Problem to work on »
Print the lines in the listing below starting at the line with "1 柴达木盆地碳酸盐结核出露" and ending at the line with "一路顺着任务标志 通过墓地 前往废弃教堂", both included. Reproduce them exactly and omit every picture.

Information »
+++

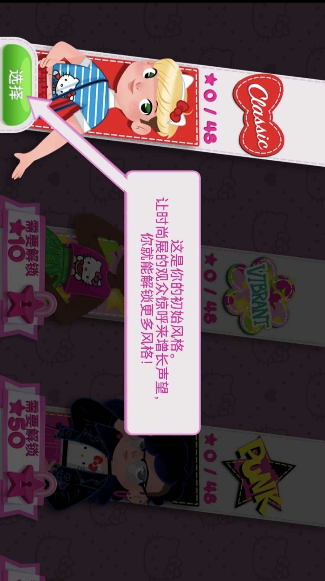 在世界各地的时尚秀中,为你的模特梳妆打扮,穿上漂亮的服装,与 Hello Kitty® 一同成为一名时尚巨星!
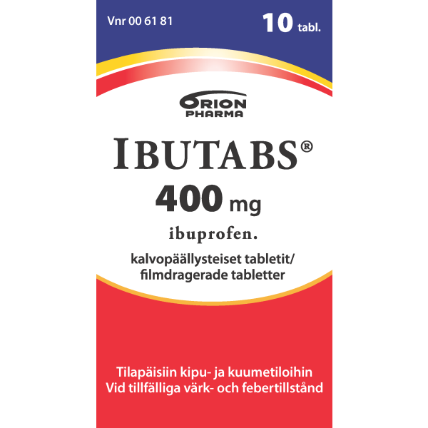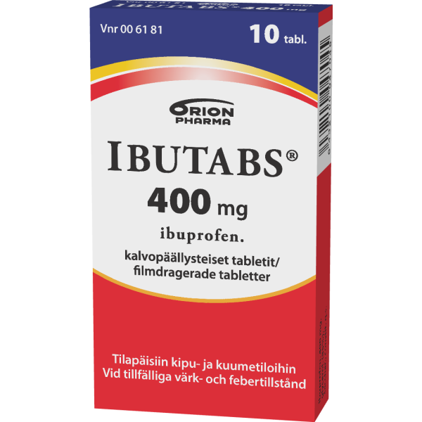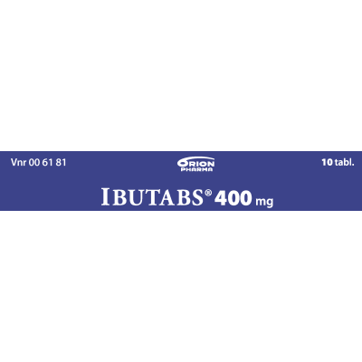 Ibutabs 400 mg tabletti tilapäisiin kuume-ja kiputiloihin aikuisille ja yli 20 kg painaville lapsille. Vaikuttava aine ibuprofeeni. Pitkäaikaiseen käyttöön vain lääkärin määräyksestä. Pakkauskoot 10 ja 30 tabl.
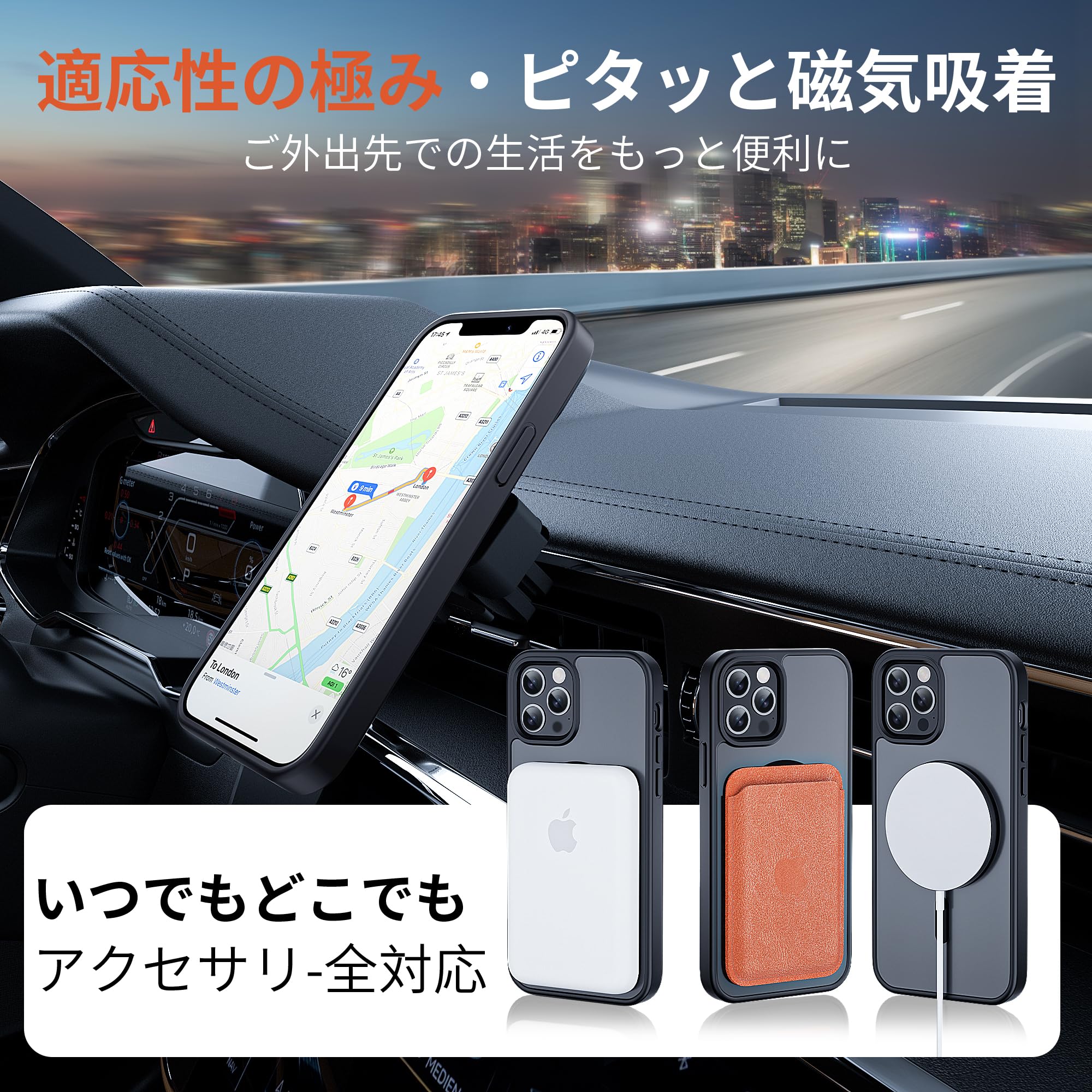 【MagSafe対応・強力な吸着充電】内蔵された強力なマグネットでピッタリと密着し、MagSafeに対応した全ての機能と完全に互換性があります。iPhone 12/12 Pro の充電効率が大幅に向上しました。 アイフォン12/12 Pro ケース を外すことなく、MagSafe充電器、MagSafeバッテリー、MagSafe車載ホルダー、MagSafeリングなど、全てのMagSafeアクセサリーを使用できます。スマホを充電する時は、アイフォン 14/13ケースを装着したままMagSafe充電器に取り付けるか、Qi規格の充電器の上に置くだけです。充電できていなかったということを避けられるのが魅力です。より簡単で、より高速で、日常生活に便利な iPhone 12/12 Pro ケース です。
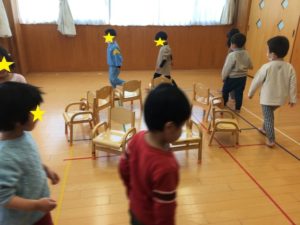 今日のぱんだグループのお友達はイス取りゲームをしました💺
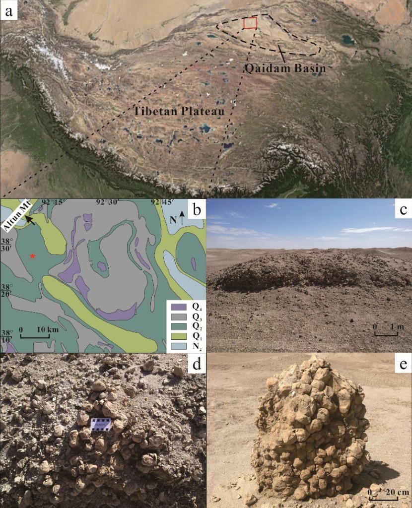 1 柴达木盆地碳酸盐结核出露区域的地质背景。(a)柴达木盆地的地理位置;(b)结核样品的采样地点及地质背景;(c-e)结核样品的野外照片
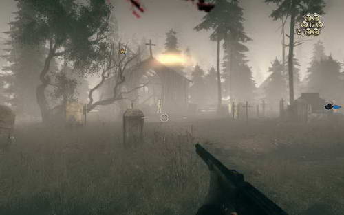 一路顺着任务标志 通过墓地 前往废弃教堂 在教堂门口遭到机关枪的阻击 利用碑石从侧面攻过去
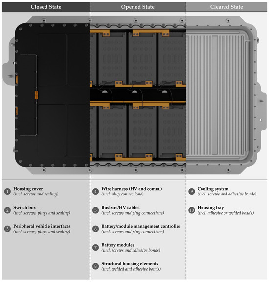 The major challenge for future automation in the field of battery dismantling is the complex product structure of battery packs along with the large number of variants on the market and the corresponding process structure for the disassembly. In general, battery systems combine functionally equivalent component groups within their underlying sub-levels [21]. For example, battery systems usually have interconnected stacks of cells. In the case of non-cell-to-pack approaches, these are interconnected to form modules, which are brought together in a housing for functional or safety reasons and are monitored with corresponding sensors and controllers [22]. A similar principle is also followed at the pack level, where the previously interconnected modules are in turn combined via busbars or high-voltage (HV) cables to be able to meet the respective capacity and performance requirements of the vehicle. In addition, there are battery management controllers, structural components and corresponding peripherals for the cooling circuit [23]. With a housing cover and corresponding interfaces to the vehicle, the battery is integrated into the vehicle design. Figure 1 illustrates the common component groups mentioned and the conditional states for battery pack disassembly.

+++

Task solution »
 1 柴达木盆地碳酸盐结核出露区域的地质背景。(a)柴达木盆地的地理位置;(b)结核样品的采样地点及地质背景;(c-e)结核样品的野外照片
 一路顺着任务标志 通过墓地 前往废弃教堂 在教堂门口遭到机关枪的阻击 利用碑石从侧面攻过去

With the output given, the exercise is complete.